Yet this apparent omnipotence is illusory, not least because it will be brief: by early 2010 the president will start to be overshadowed by the campaign to elect his successor. He is also constrained by his own left-wing Workers’ Party (PT); by his political allies; by the economic troubles that only recently reached Brazil’s shores and have yet to be felt to their full extent; and by his temperamental compulsion to preserve his popularity. “I would not like to be called a populist,” he sometimes says, “but I do like to be popular.”
Lula still talks about reforming Brazil’s labyrinthine tax system and improving the way its political parties and elections work. These were supposed to have been the priorities of his second term. Both are properly matters for Congress, though if he wished the president could use his vast political capital to try to force them through.
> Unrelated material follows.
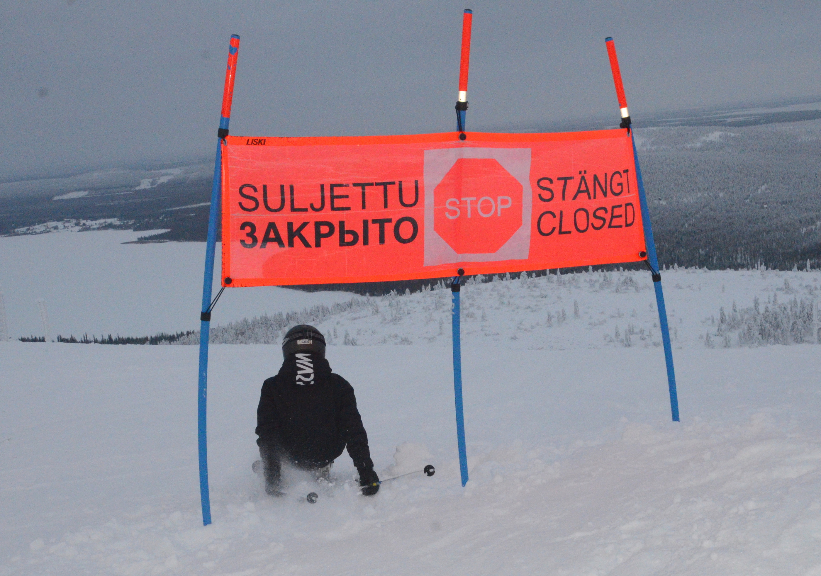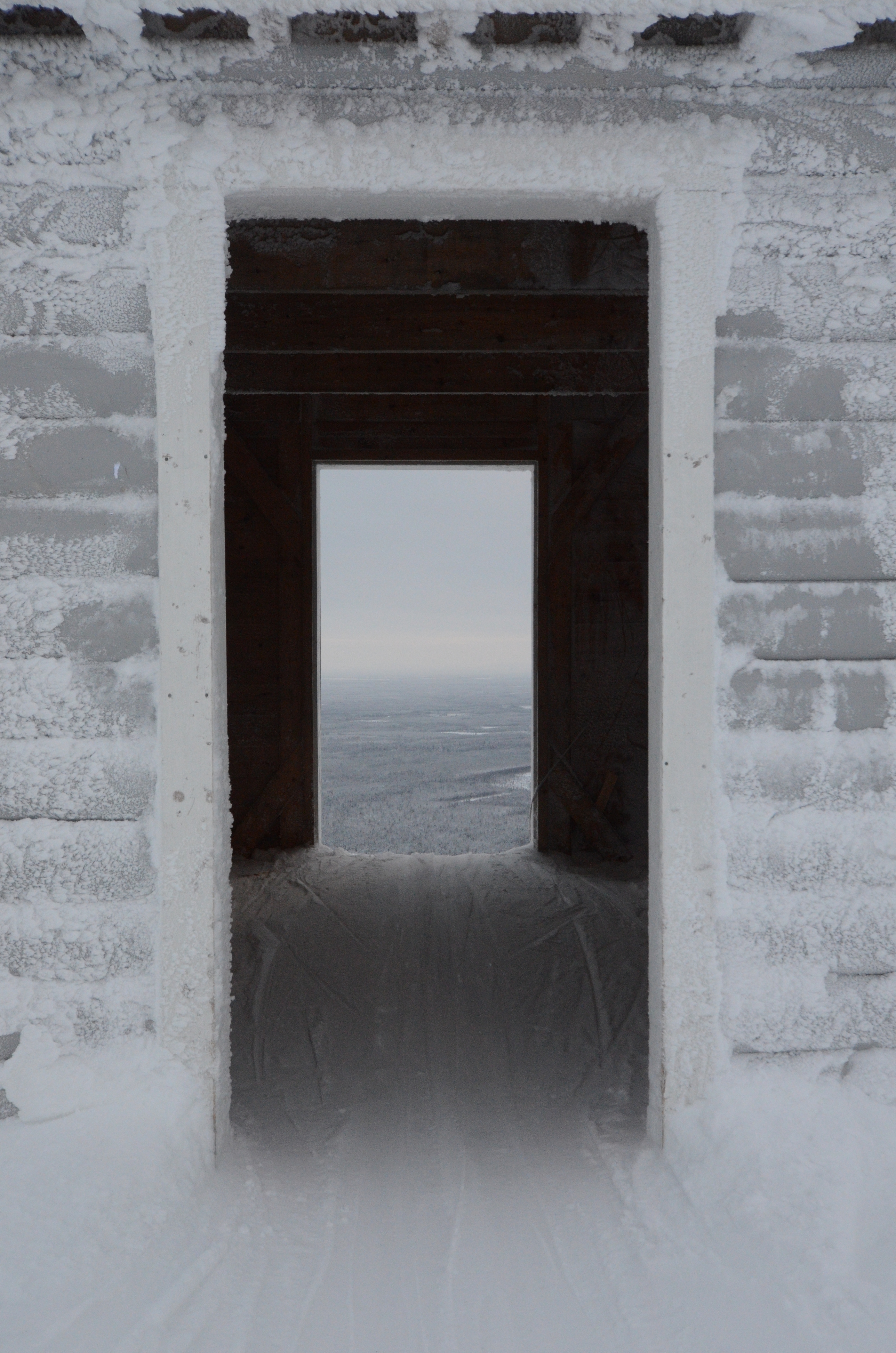 The three doors are at the race start hut, at the 540 meter top of Pyhätunturi. The white door leads to a strangely mixed world, the yin & yang domain. A icy run straight down the mountain with high-speed race tracks showing the way. But it is also lined with safety nets, it is access controlled, groomed and cared to perfection that does not exist on the other side of the safety net. The black Piste Palander. It is also the way home, to the bed in Hotel Pyhätunturi.

Yet they are forever being postponed, sometimes on flimsy excuses. Tax reform was put off at the end of last year because of the gloomy economic outlook. In fact, that makes simplifying the tax code (which according to the World Bank takes a typical Brazilian company 2,600 hours a year to comply with) more important than ever. It will not be considered again until the end of February. As for political reform, this is more likely to be decided in the courts: Brazil’s elected officials are still waiting to see how much bite there is in a ruling by the Supreme Court that prohibits the common practice of switching parties straight after an election.
“People have been talking about these reforms since 1988 [when Brazil’s constitution was approved],” says João Augusto de Castro Neves, a political consultant in Brasília. “It is like a badge of political seriousness to do so.” Instead of pursuing them, he reckons, Lula will be fully occupied just keeping his coalition government together. The Party of the Brazilian Democratic Movement, a ramshackle concoction of regional political barons that is the coalition’s biggest force, is trying to secure the presidencies of both houses of Congress, which are being contested at the moment. If it succeeds the party will apply its customary leg-irons to any attempts at reform. If not, its leaders will need placating, which will amount to the same thing.
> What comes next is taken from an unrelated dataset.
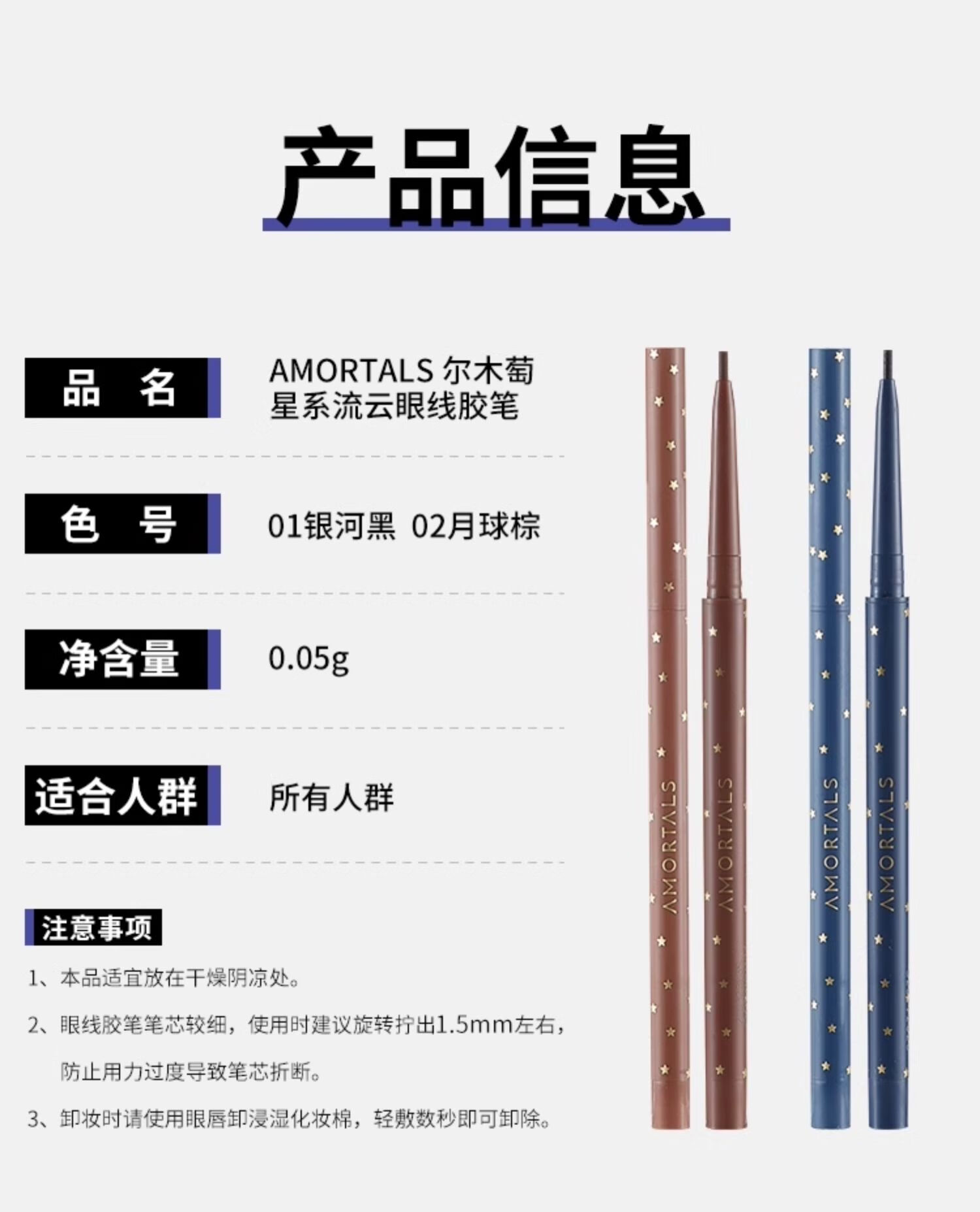 AMORTALS galaxy cloud eyeliner gel pen waterproof and sweat-proof quick-drying silkworm pen extremely fine liquid eyeliner pen suitable for novices and beginners

Unlike Mr Uribe in Colombia (see article), Lula has made it clear that he will not seek to cling to office by changing the constitution to allow him to run for a third consecutive term. The idea was floated by leaders of the Workers’ Party, which worries about its fortunes once its talisman has gone. Commendably, Lula scotched it, leaving the PT searching for a viable successor. He has pushed the candidacy of Dilma Rousseff, his chief of staff. She is a competent political insider, but lacks mass appeal. But even if the centre-right opposition wins power, Lula knows that his social policies, centred on Bolsa Família, a cash-transfer scheme benefiting 11m poor families, are unlikely to be overturned.
Until the election most of Lula’s energies are likely to be taken up with crisis-management. According to IBOPE, a pollster, 74% of Brazilians expect this year to be better than last. They are likely to be disappointed: the economic data will get worse as the year progresses because the economy has only recently started to splutter after growing rapidly for the first nine months of 2008.
“Any preconceived political plans will have to be torn up to deal with this crisis,” says Raul Velloso, a consultant in Brasília who follows public finances. Mr Velloso is worried about possible further weakness in the exchange rate (the real depreciated by 17% against the dollar in the last three months of 2008), and also by the ability of Brazilian companies to roll over their debt.
Brazil’s scope for fiscal stimulus is limited. Chile’s government this week announced a $4 billion bundle of measures aimed at creating 100,000 jobs and helping poorer families. It can easily finance the resulting fiscal deficit forecast at 3% of GDP this year because it built up a war chest of public savings when prices for copper, its main export, were high.
But Brazil’s government, with a much bigger public debt, needs to preserve its primary fiscal surplus (ie, before interest payments) to retain the confidence of bondholders. Tax revenues will slow along with the economy. The government’s priority is to implement its expansionary “growth acceleration” programme of public investment (better known as PAC from its initials in Portuguese) rather than adopt new measures, says Nelson Barbosa, a deputy minister of finance. Everything the government does this year will be presented as part of the PAC, says a civil servant in Lula’s office.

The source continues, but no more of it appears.